Produces a display version:
	<!ENTITY oe SDATA "\{o}">
 
We can also use Keld's mnemonic encoding (as long as we stick to ISO
Latin 1, it's a good idea, and well done):
 
	<!ENTITY oe SDATA "<o/>">
 
|   Personally, I think folks should be thinking about concrete syntaxes
|   whose baseset is ISO10646, rather building systems based on the
|   reference concrete syntax.  Of course these two concrete syntaxes
|   are isomorphic by means of entity referencing.  But we should really
|   be building full 10646 syntaxes.  Document transfer can easily be
|   accomplished by means of appropriate transformation methods.
 
This is what I'm doing, already.  Howerver, believing that text entry
systems will be ISO 10646 compliant within the next few billion dollars
of software sales is a pipe dream.  Therefore, we need a "charactser set
manager" which can read any character data stream, compliant with ISO
2022 or IBM CDRA, or whatever, and let the parser see it as pure and
undiluted ISO 10646.  Passing to the application, we need to invoke the
character set manager once again to convert the internal representation
(ISO 10646) to whatever the application will understand.
 
SGML already supports understanding a document character set based on a
syntax reference character set, but it's not powerful enough to describe
a data stream encoding.  (That's why the TEI needs a "writing system
declaration", for instance.)  I think this should not be handled by the
application, but by a general utility between the general utility we
know as the entity manager and the parser.  Thus, the parser will use
ISO 10646 as its document _and_ syntax reference character set.
 
SGML cannot, however, communicate very well with the application on the
applications' terms when it comes to character set, and the ESIS as
defined does not include _any_ information about character sets (boo!

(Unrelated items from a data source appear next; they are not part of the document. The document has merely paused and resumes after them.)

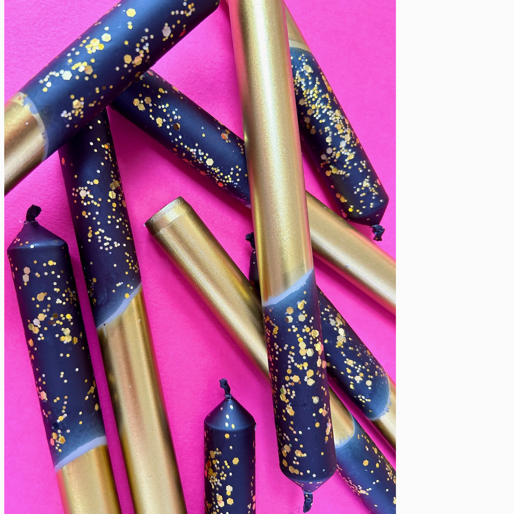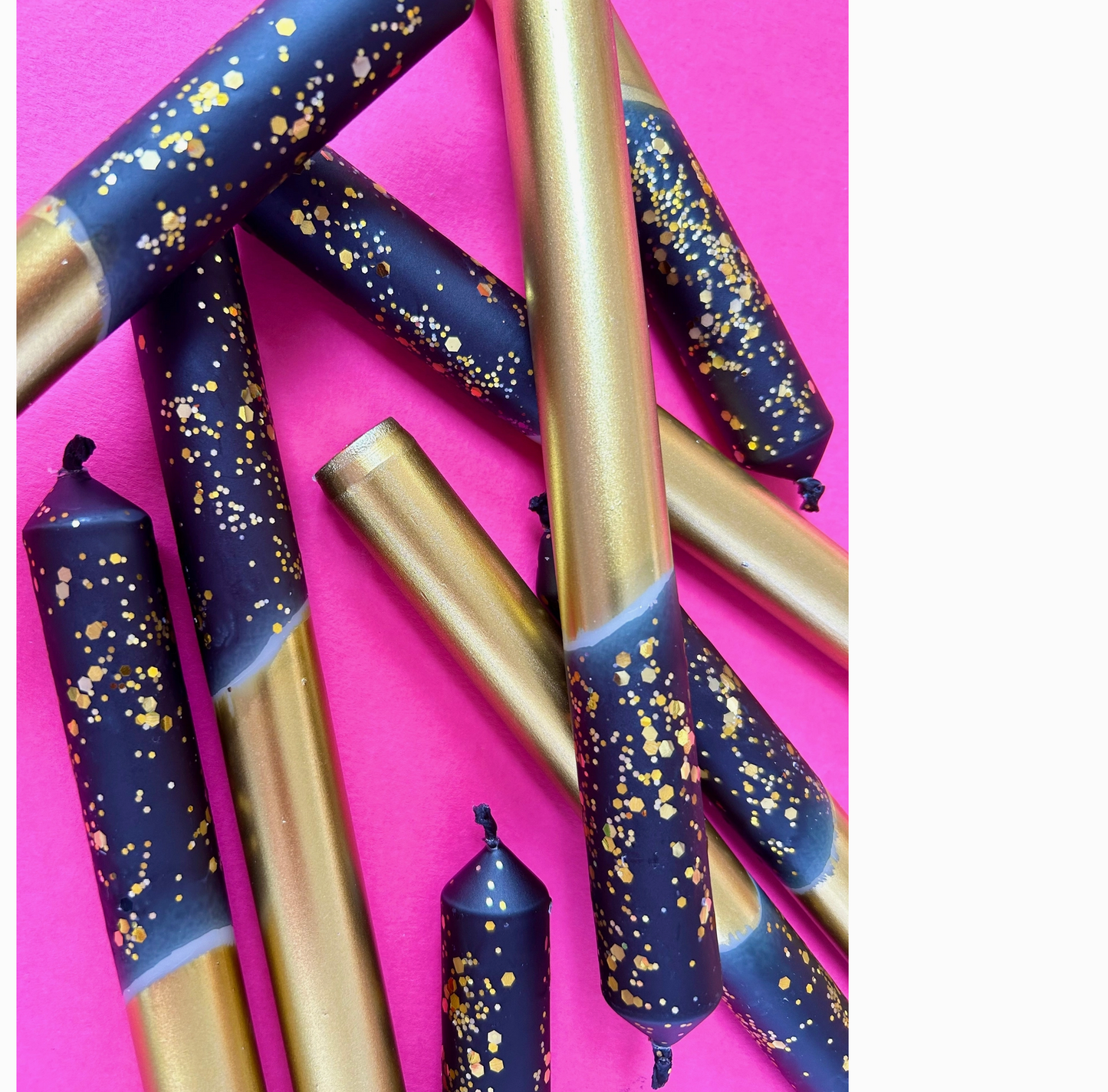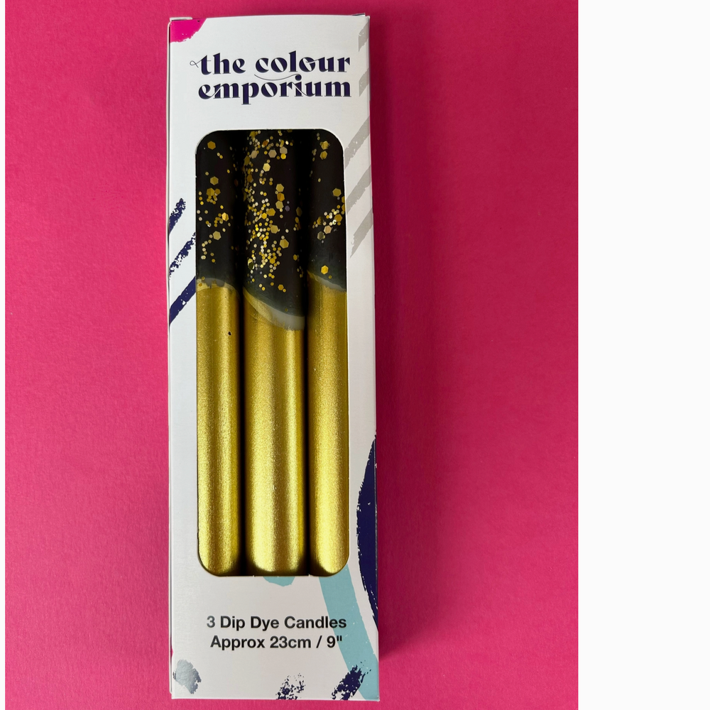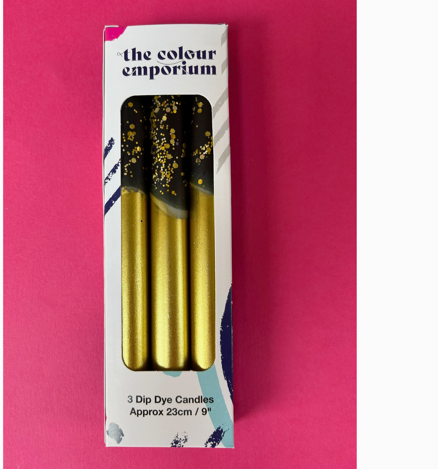 The Colour Emporium presents this festive dip dye trio in sophisticated black and gold perfect for a chic dinner or New Year’s Eve party for this season. These candles will brighten up your festive decor and will bring a unique twist to the dining table during dinner. Partner with bright Colours such as pink or purple to really make them pop. Each trio of candles is hand dipped in the Surrey Hills and every set is unique - the color combination is always the same but the pattern will vary slightly.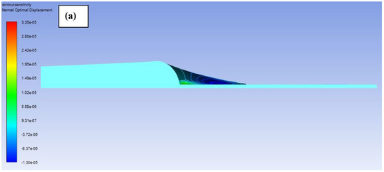 In order to quickly calculate better designs, gradient-based optimization algorithms take advantage of design sensitivity. The design variables, such as the ½ height of die cavity or inlet pressure variables in ϕ, and performance metrics of the system, such as f, , , and in Equation (1), are quantified by design sensitivities [4]. Similar to how the flow solution was assessed, equations were developed for the design sensitivities and evaluated them using the FEA. This method of analysis sidesteps the usual mistakes and inefficiencies of FDM.
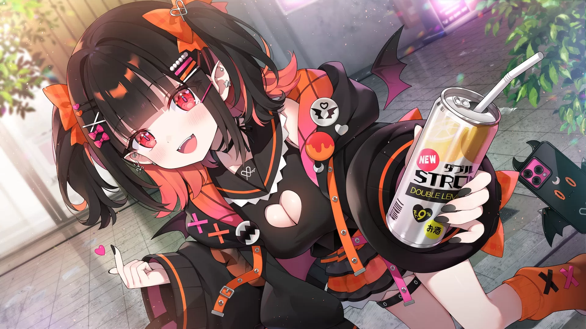 お供は魔界最新機種のスマホ。調べ物や自撮りの際にこき使っている。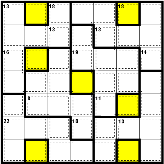 Platziere die Ziffern von 1 bis 7 in jeder Zeile, jeder Spalte, den fett umrandeten Gebieten und die gelbe Zellen. Die kleinen Zahlen geben die Summe der Ziffern in den markierten Gebieten an. Innerhalb dieser Gebiete dürfen sich Ziffern nicht wiederholen.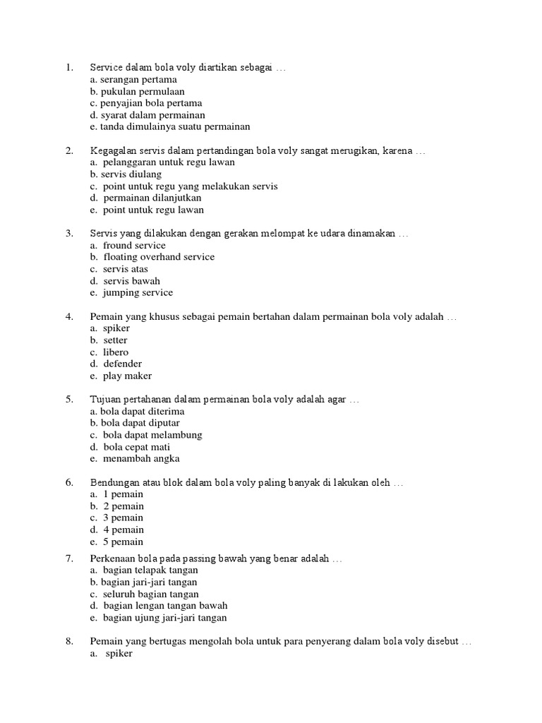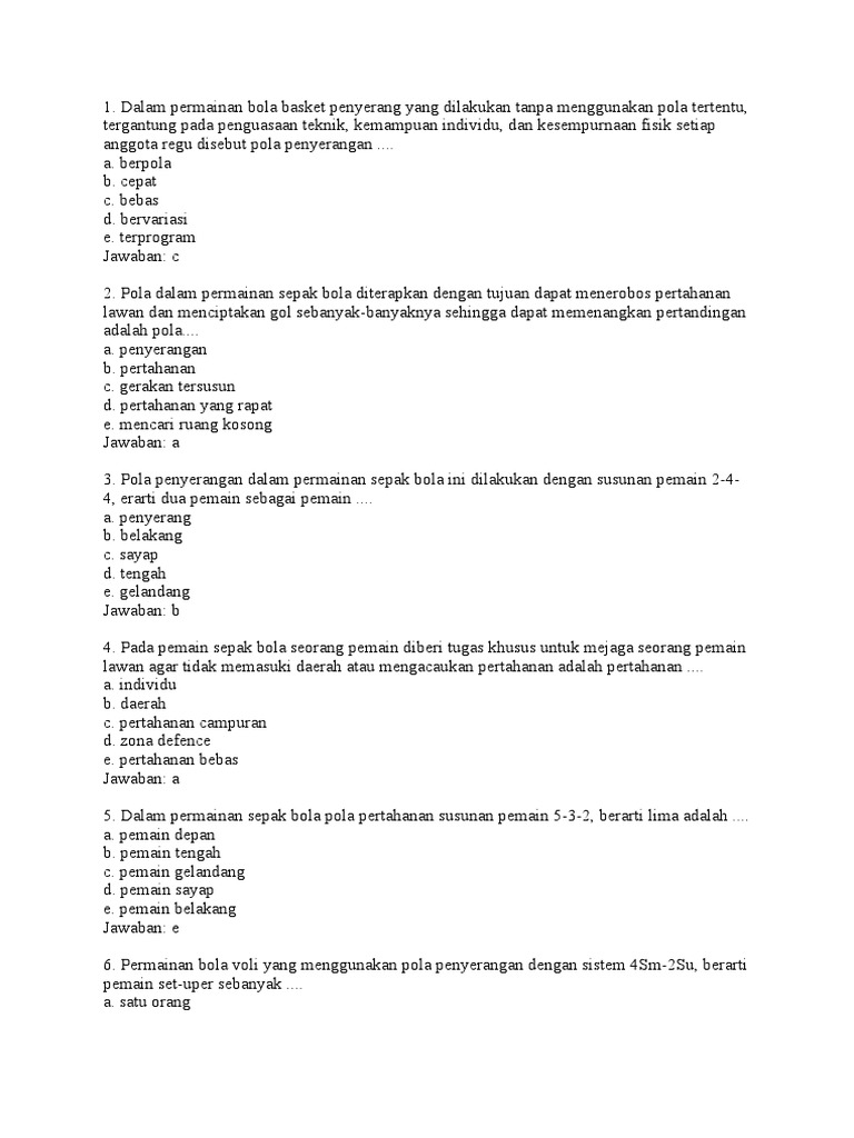 Jelaskan yang dimaksud taktik pertahanan dalam permainan bola voli! Jelaskan pengertian pegangan inggris dalam permainan bulu tangkis! Pola penyerangan adalah suatu siasat yang di pergunakan dalam suatu pertandingan untuk meraih kemenangan secara sportif. Dalam buku menjadi pemain bola voli andal (2011) karya reni sulastriani menjelaskan tentang tiga jenis teknik pertahanan dalam bola voli. Alasan = jawaban yang paling tepat dengan adanya pertahanan dalam permainan bola voli adalah agar bola dapat melambung sehingga bola tidak mati/jatuh di area sendiri dan akhirnya musuh tidak mendapatkan point/angka. Pola penyerangan dalam permainan bola voli merupakan siasat yang digunakan setiap tim untuk memperoleh point dengan tujuan untuk memperoleh kemenangan sedangkan pertahanan dalam permainan bola voli adalah upaya untuk bertahan dalam keadaan pasif menerima serangan dengan harapan tim lawan akan melakukan kesalahan dan akhirnya mengalami kekalahan. Seseorang yang hobi bermain bola voli akan membuat tubuhnya selalu dalam kondisi prima dan memiliki stamina yang kuat. Hampir pada semua jenis permainan bola besar pasti menggunakan taktik pola penyerangan dan pola pertahanan, karna emang seharusnya kita dituntut untuk menghasilkan point yang lebih banyak tentunya untuk memenangkan pertandingan. Taktik bertahan harus mempunyai prinsip, supaya dapat menyerang kembali regu lawan. Sama halnya dengan tujuan olahraga pencak silat, permainan bola voli juga memiliki tujuan untuk menjaga kesehatan tubuh.seseorang yang hobi bermain bola voli akan membuatnya tubuhnya selalu dalam kondisi prima serta memiliki stamina yang kuat sehingga tidak heran meskipun ia memiliki kegiatan atau aktivitas yang padat, ia masih terlihat segar dan tidak letih. Menganalisis, merancang, dan mengevaluasi taktik dan strategi dalam permainan bola voli 1. Taktik dan strategi penyerangan dalam permainan bola voli tujuan pokok permainan bola voli adalah mendapatkan angka akhir lebih dahulu dari lawan. Seperti halnya dalam sepak bola dikenal istilah kiper hingga striker olahraga bola voli juga mengenal 4 pemain sesuai dengan posisi maupun fungsinya yaitu.

hiss!), so something needs to be done, in this area, too.
 
It's my intention to bring this kind of change about in SGML II, the
sequel.
 
I hope I have managed to clarify my design.
 
Best regards,
</Erik>
--
Erik Naggum             |  ISO  8879 SGML     |      +47 295 0313
                        |  ISO 10744 HyTime   |
<[log in to unmask]>        |  ISO 10646 UCS      |      Memento, terrigena.
<[log in to unmask]>       |  ISO  9899 C        |      Memento, vita brevis.